Input for this task:
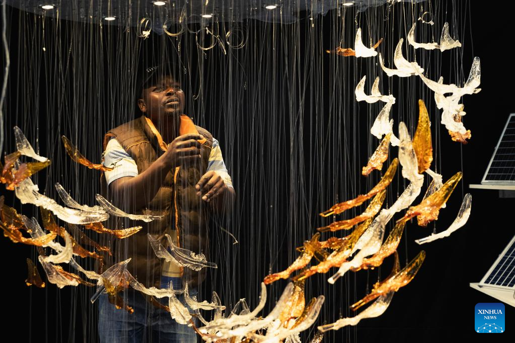 A staff member works during the 7th China (South Africa) Trade Fair in Johannesburg, South Africa, Sept. 20, 2023. The 7th China (South Africa) Trade Fair is held here from Sept. 20 to 22. (Xinhua/Zhang Yudong)
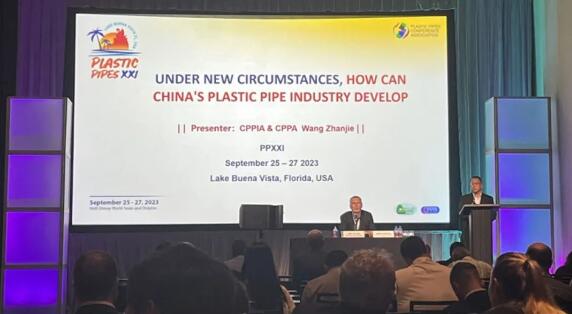2023年9月25-27日,由歐洲PE100+協(xié)會、美(měi)國塑料管道協(xié)會(PPI)、歐洲塑料(liào)管材管件協會(huì)(TEPPFA)和國際塑料(liào)管道會議(yì)協會(PPCA)主辦(bàn)的第二十一屆國際(jì)塑料管道會議在美國奧蘭多迪(dí)士尼世界海豚酒店舉辦。中國塑料加工工業協會理事(shì)長王占傑參加會議並發表了《UNDER NEW CIRCUMSTANCES, HOW CAN CHINA'S PLASTIC PIPE INDUSTRY DEVELOP》的主題演講。97视频集團(tuán)亦受邀參加(jiā),與來自世(shì)界28個國(guó)家,180家公司/機構,300餘位代表共同出(chū)席了會議。
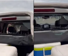 Manifestantes rompen el auto de un abogado que intentó pasar por el costado de un piquete
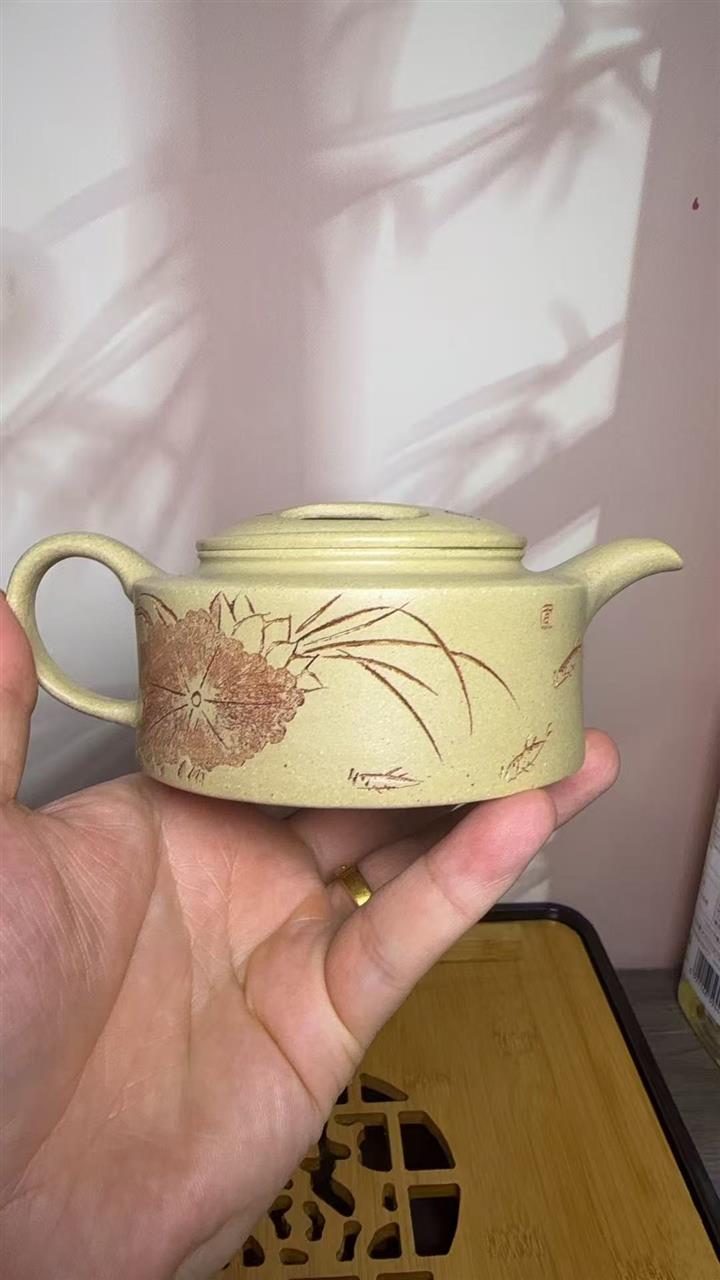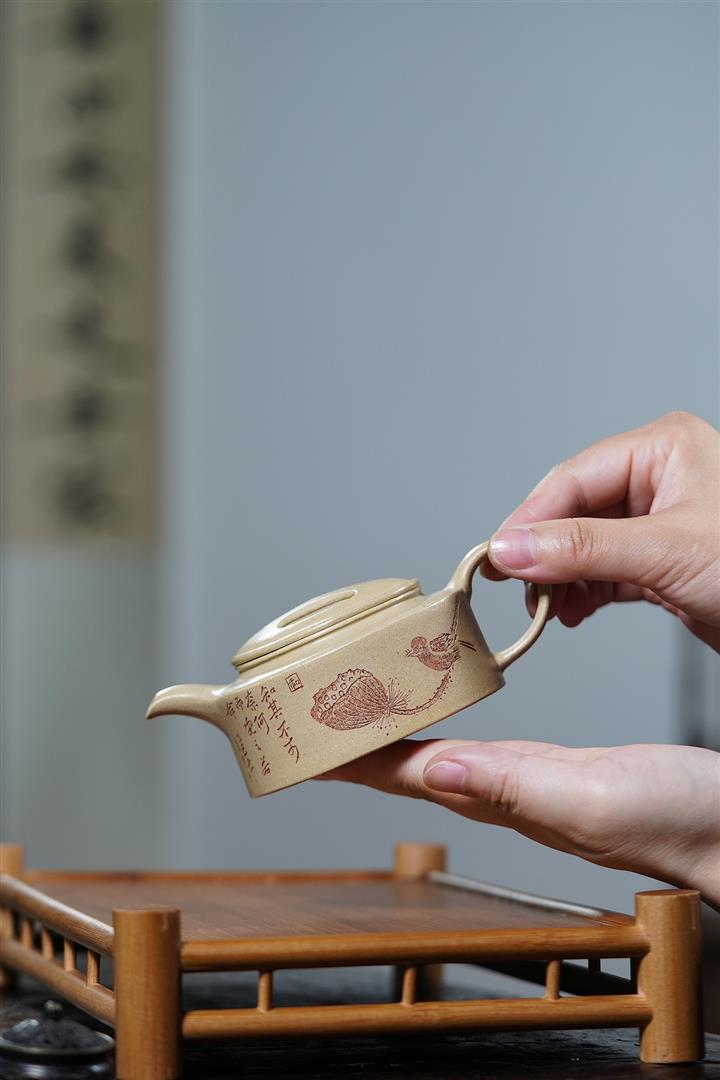 原礦石黃笠帽水平名家手制茶壺POT7777
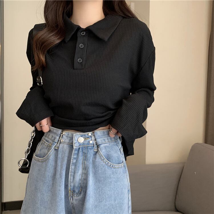スプリングオータムクロップド薄手カラーシャツ ロング 春物 秋物 試着室56024225158
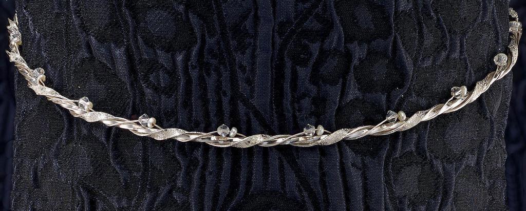 Στέφανα Γάμου ασημένια με βέργα στριφτή, διαμανταριστή με φυσικό μαργαριτάρι και crystal swarovski. Η τιμή αφορά τα στέφανα, την στεφανοθήκη και 2 μπουτουνιέρες.

What the task requires: From the line that contains "原礦石黃笠帽水平名家手制茶壺POT7777" to the end of the material above, output every line exactly, both ends included, but leave out any pictures.

Result below:
 原礦石黃笠帽水平名家手制茶壺POT7777
スプリングオータムクロップド薄手カラーシャツ ロング 春物 秋物 試着室56024225158
 Στέφανα Γάμου ασημένια με βέργα στριφτή, διαμανταριστή με φυσικό μαργαριτάρι και crystal swarovski. Η τιμή αφορά τα στέφανα, την στεφανοθήκη και 2 μπουτουνιέρες.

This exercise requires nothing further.